You are arguing over a cell phone while trailing an unmarked police car by 25.0 m; both your car and the police car are traveling at 110 km/h. Your argument diverts your attention from the police car for 2.0 s (long enough for you to look at the phone and yell,“I won't do that!”). At the beginning of that 2.0 s, the police officer begins braking suddenly at 5.00 m/s2. (a) What is the separation between the two cars when your attention finally returns?

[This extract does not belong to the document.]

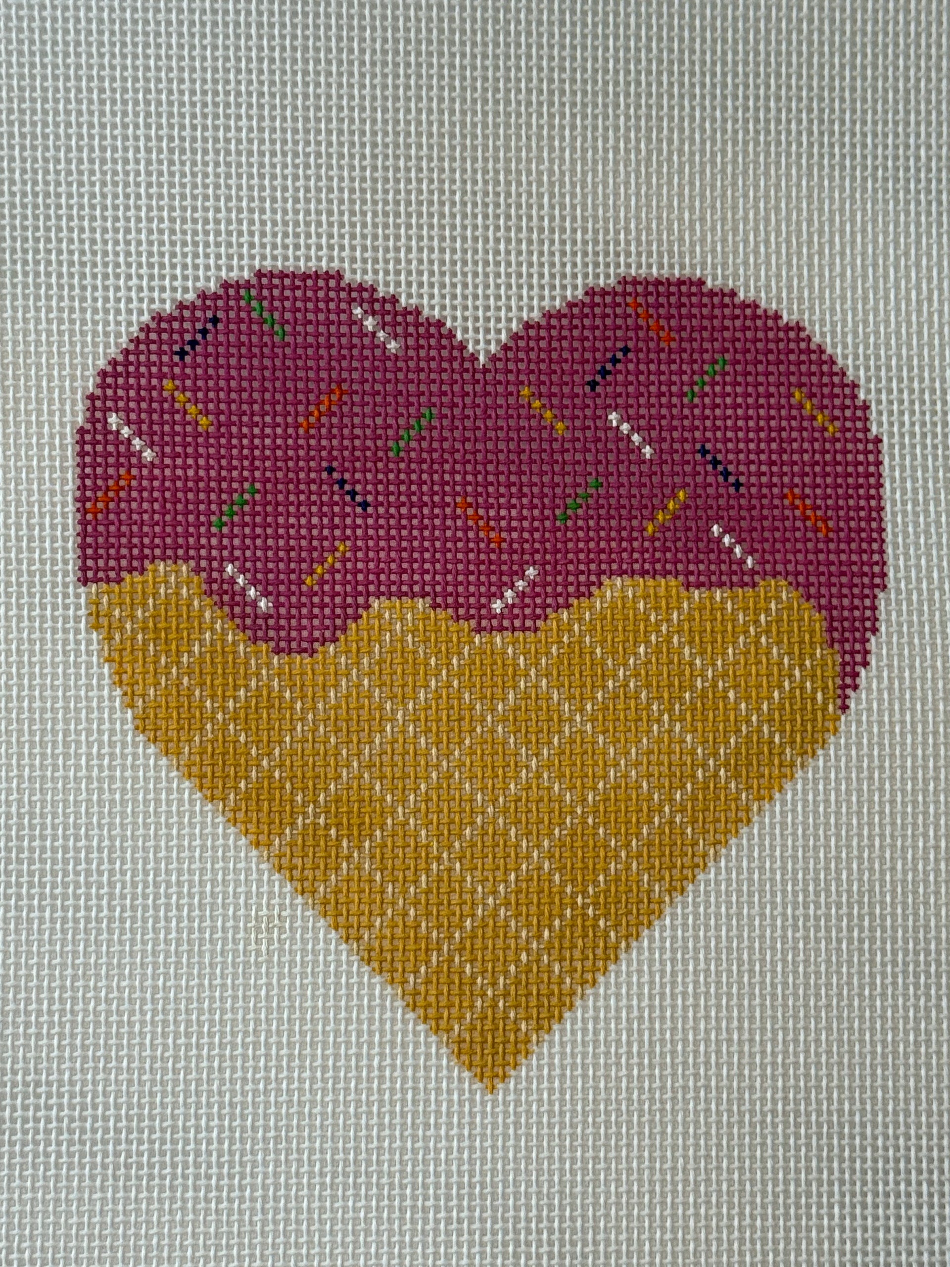 H-37 Ice Cream Heart , 18 mesh, Handpainted by Vallerie Needlepoint Gallery, Design Size: 4 x 4.25"

Suppose that you take another 0.400 s to realize your danger and begin braking. (b) If you too brake at 5.00 m/s2, what is your speed (in km/h) when you hit the police car?

## Homework Equations

[tex] v^2 =u^2 +2as, s=ut +\frac{1}{2} at^2 [/tex]

## The Attempt at a Solution

I solved the first part. I get the wrong results for part b) because I think I'm making calculation mistakes. The way how I tried to solve it is by making the distances traveled equal.

From [tex] s=ut +\frac{1}{2} at^2 [/tex] where [tex] a=\frac{-5m}{s^2} [/tex]$ we have that since I start breaking [tex]2.4s[/tex] later than the police car, I must travel a distance [tex]s=u(t-2.4) +\frac{1}{2}at^2 [/tex] whilst the police car travels a distance [tex]s'=ut +\frac{1}{2}at^2 [/tex]. Since we crash, we must have [tex] s=s' [/tex]... this way finding [tex] t [/tex] and [tex] s [/tex], and from there using [tex] v^2 =u^2 +2as [/tex] we find [tex] v [/tex]

P.S. The LaTeX looks weird.